In the end, I'm sorry that Bernal got sidetracked in the linguistics (the least interesting part of his argument) and never wrote out in full his ideas about ways he thought Egyptian gods and mystery cults influenced Greek beliefs and practices: he discusses this briefly in the Introduction to his first volume but got diverted and never returned to fulfill his promise to devote a whole volume to it (which wd have been called THE MYSTERY OF THE SPHINX). Alas.
So, 'rest in peace' seems a little inappropriate to this prickly scholar, but I hope he got a certain satisfaction, in the end, from having weathered the storm. I suspect half his ideas will be taught as conventional wisdom in twenty years' time (probably without any reference to him), which I suspect wd have amused him no end. For my own part, I learned a lot reading him ( e.g., that Hebrew is a Canaanite language, and belongs to the same family tree as Egyptian and Ethiopian, or that Hebrew and Phoenician were mutually intelligible dialects of the same language) and I'm glad I discovered his books (through my friend Taum, who bought the first one and whose copy I inherited). But I'm still sorry we won't ever have that book about Egyptian myth and its dissemination.
--John R.
just finished: CADMEAN LETTERS (second reading)
audiobook: MOCKINGJAY (second time through)
*thanks Charles!
**it's now generally accepted that birds are not just direct descendents of dinosaurs but actual living dinosaurs themselves.

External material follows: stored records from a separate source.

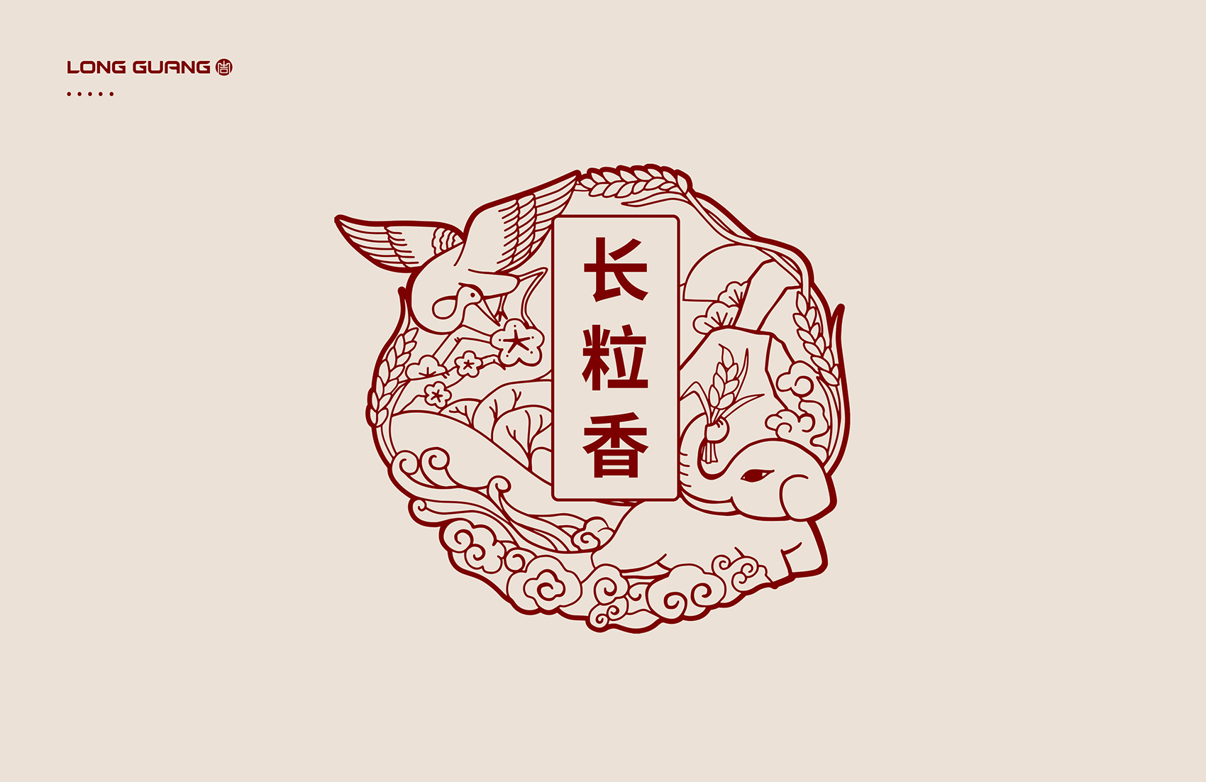 結(jié)合隆光大米處于品牌初創(chuàng)期的實(shí)際情況,突破同質(zhì)化的同時(shí)要拓展市場,在不做過多的廣宣的情況下,一個(gè)美觀大方、易于傳播的超級符號是解決這一問題的關(guān)鍵。經(jīng)過頭腦風(fēng)暴后,繽策通過品牌名稱——隆光兩字溯源,了解到隆字有興隆、厚重之意,而光字代表光明,昌盛,兩字合二為一意為吉祥安康,產(chǎn)品為有機(jī)稻花香,高品質(zhì)的好米自然會為消費(fèi)者帶來美好的生活,美好生活自然讓人放心,所以隆光=安康=放心成為了隆光的品牌內(nèi)在價(jià)值邏輯。
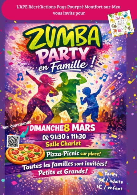 Récré’actions vous invite à sa Zumba Pizza Party ! Venez bouger, vous amuser et partager un moment convivial pour petits et grands dans une ambiance festive et rythmée. Zumba animée par Gaelles Coach Fitness !
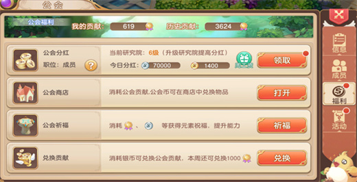 每周分红:成员将领取一份公会金礼盒,里面包含大量金币。
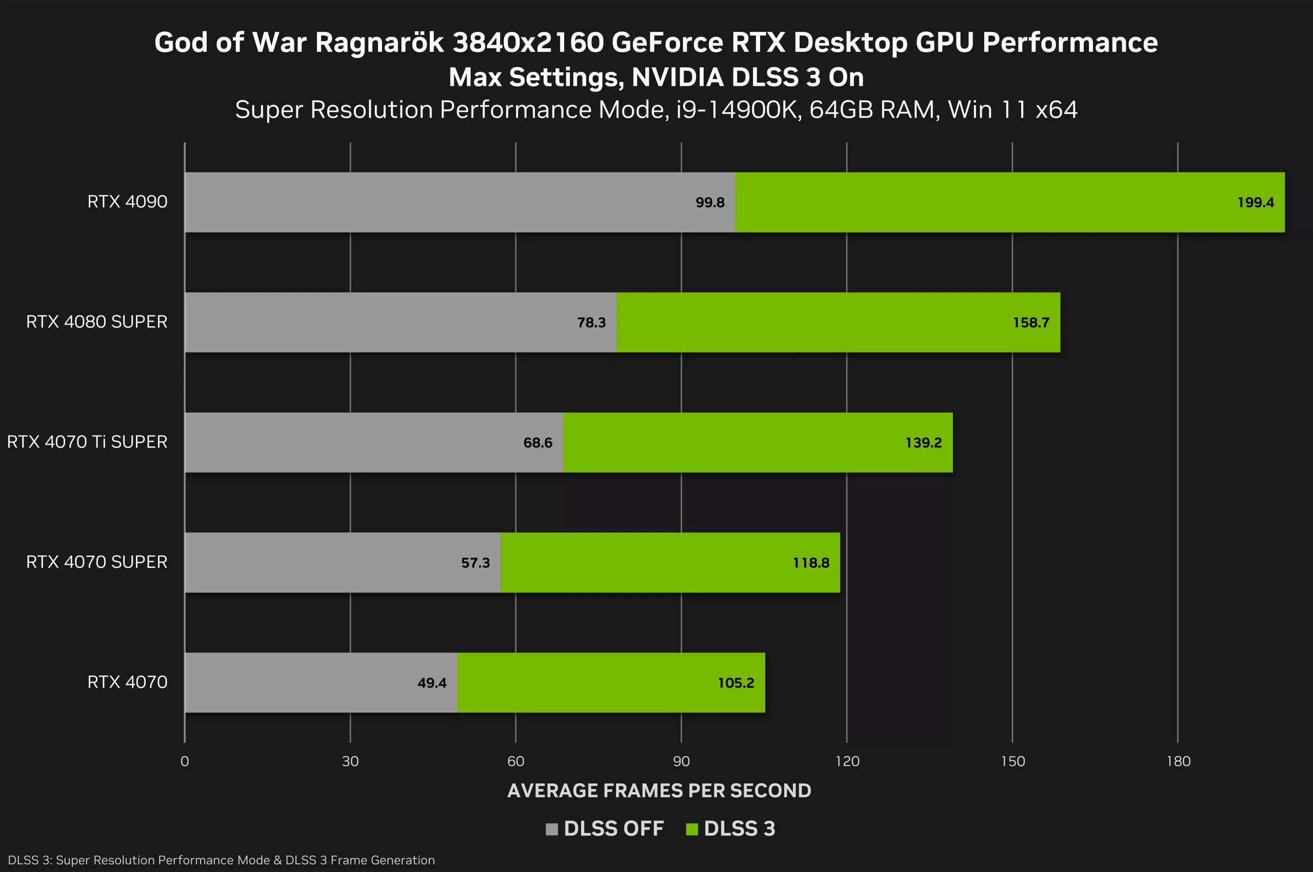 În plus, Nvidia a împărtășit câteva benchmark-uri interne, folosind Ragnarok pentru a prezenta GPU-urile GeForce RTX 4000 și generația de cadre DLSS 3. Cu DLSS setat la modul de performanță în 4K la setările grafice maxime, un RTX 4070 poate avea o medie de peste 105 cadre pe secundă decente.
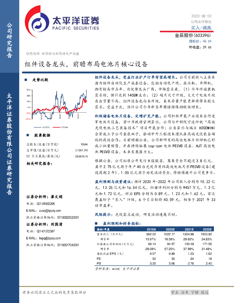 太平洋证券:金辰股份(603396)-组件设备龙头,前瞻布局电池片核心设备.pdf
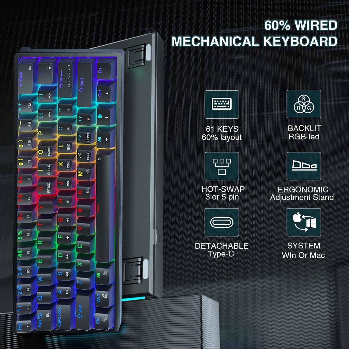 AULA F3261 - Clavier de jeu filaire - Mécanique - Full RGB - 61 touches - Commutateur rouge - Hot swap - Claviers Qwerty - Noir
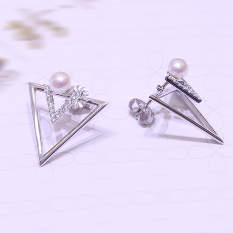 (China Gold) Zhenshang Silver Geometric Pearl Stud Earrings Fashion Design Sense Light Luxury Niche For Girlfriend
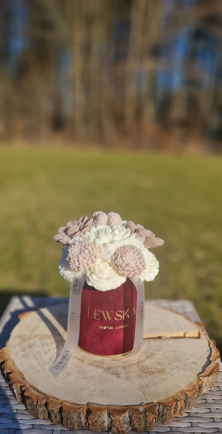 Te bukiety sojowe to połączenie elegancji, natury i zapachu, który buduje klimat wnętrza od pierwszego spojrzenia. Bordowe pudełko w duecie z biało beżowymi kwiatami z wosku sojowego tworzy harmonijną, ponadczasową kompozycję – idealną zarówno do nowoczesnych, jak i klasycznych wnętrz.
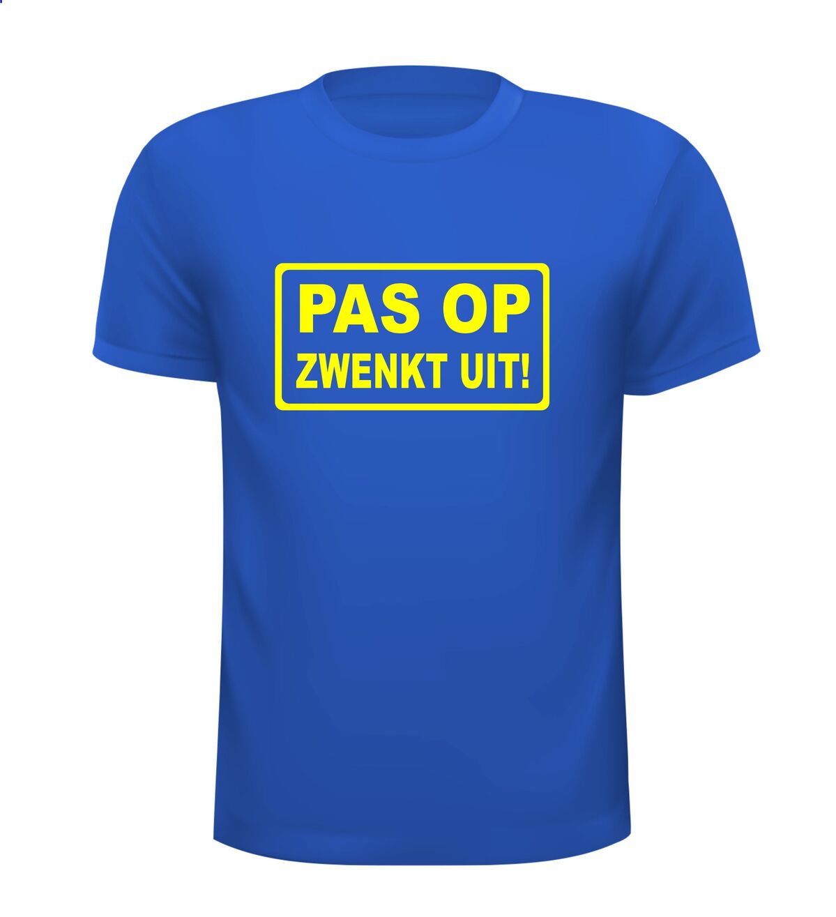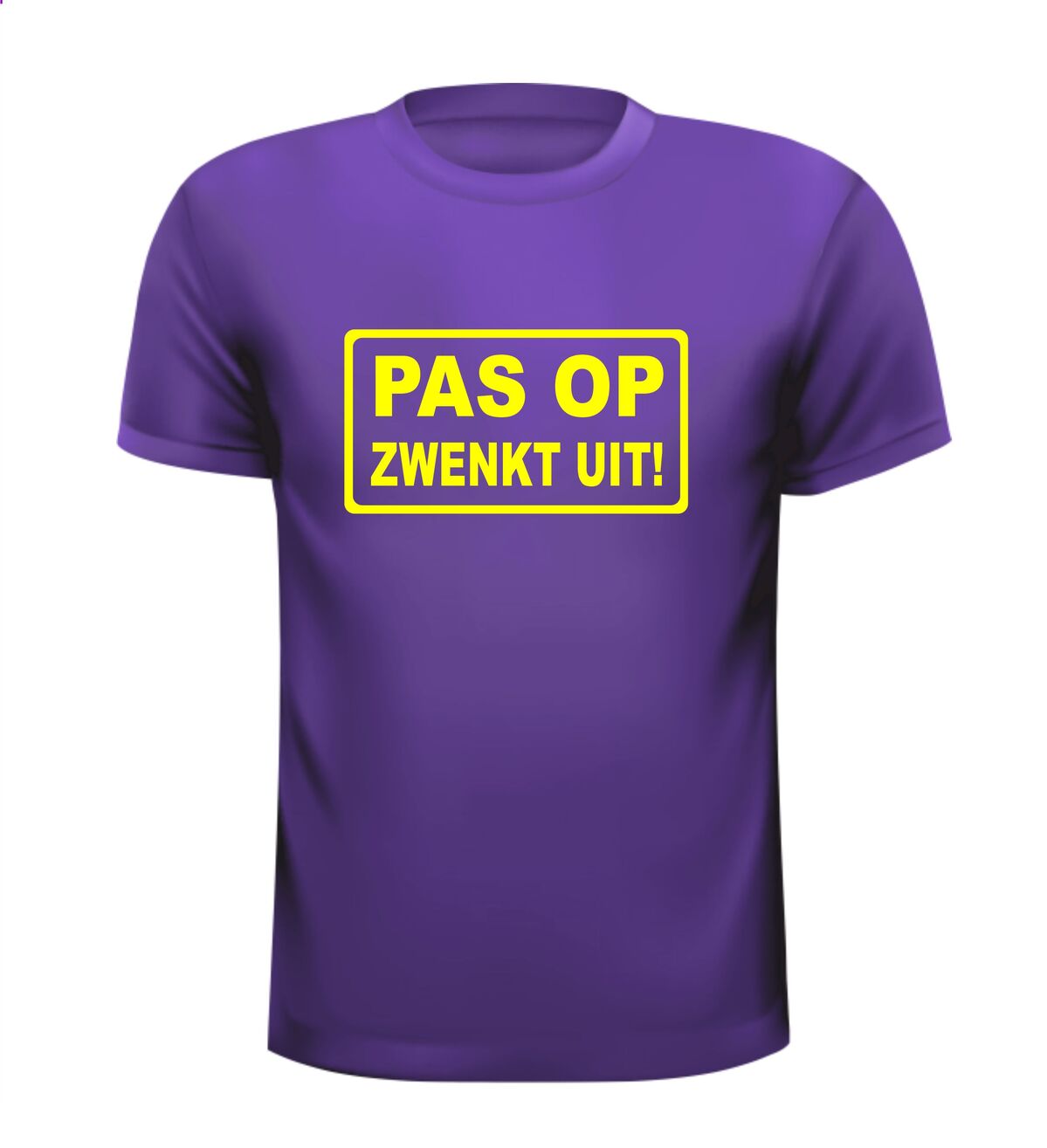 Met dit T-shirt met de tekst paas op zwenkt uit trek je gegarandeerd de aandacht. De tekst speelt op een humoristische manier in op bekende waarschuwingsborden in het verkeer, maar geeft er een grappige en persoonlijke twist aan. Perfect voor iedereen met gevoel voor zelfspot en een knipoog naar zijn of haar eigen rijstijl of karakter.
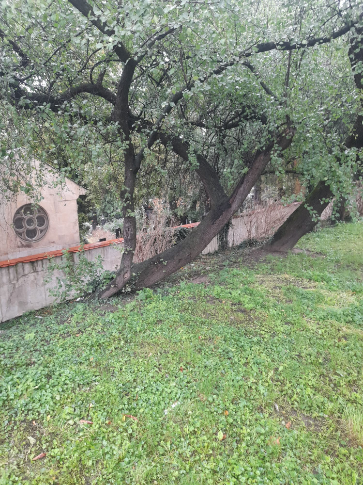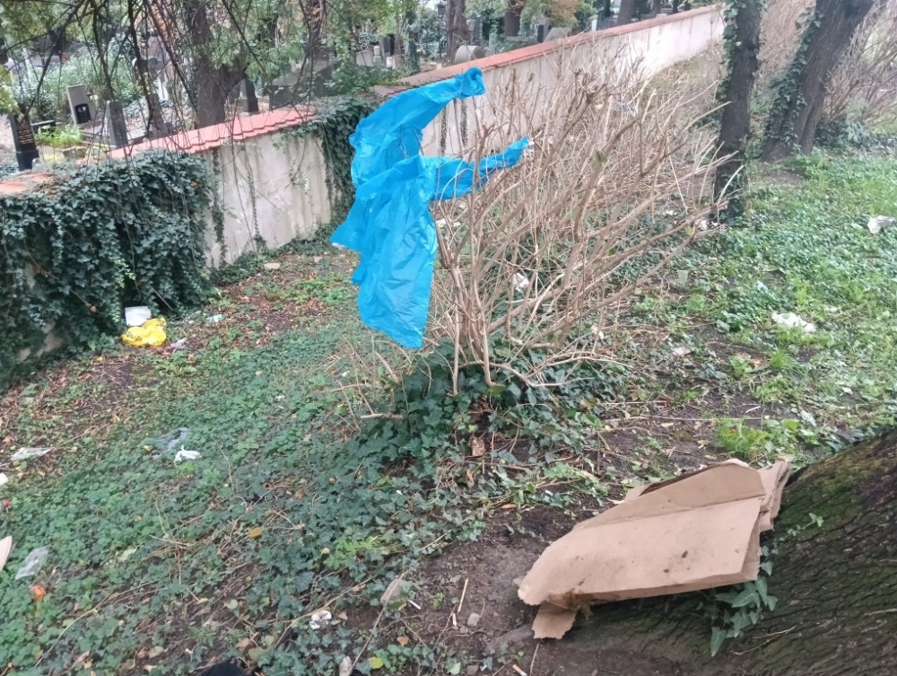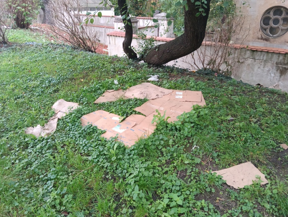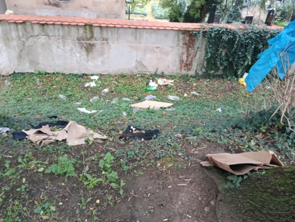 U hřbitovní zdi a na trávě papírové krabice, igelity atd. po bezdomovcich

***similarly, English is a Germanic language but has borrowed so heavily from Latin and especially French that Germanic words actually make up less than half of our vocabulary.
****BLACK ATHENA eventually ran to three volumes, some two thousand pages in all, but Bernal's entire argument can be found just by reading the seventy page Introduction to the first volume, which summarizes the whole.
I had the opportunity to meet Prof. Bernal back when I was an undergraduate; not only was he brilliant but he was also a very nice man.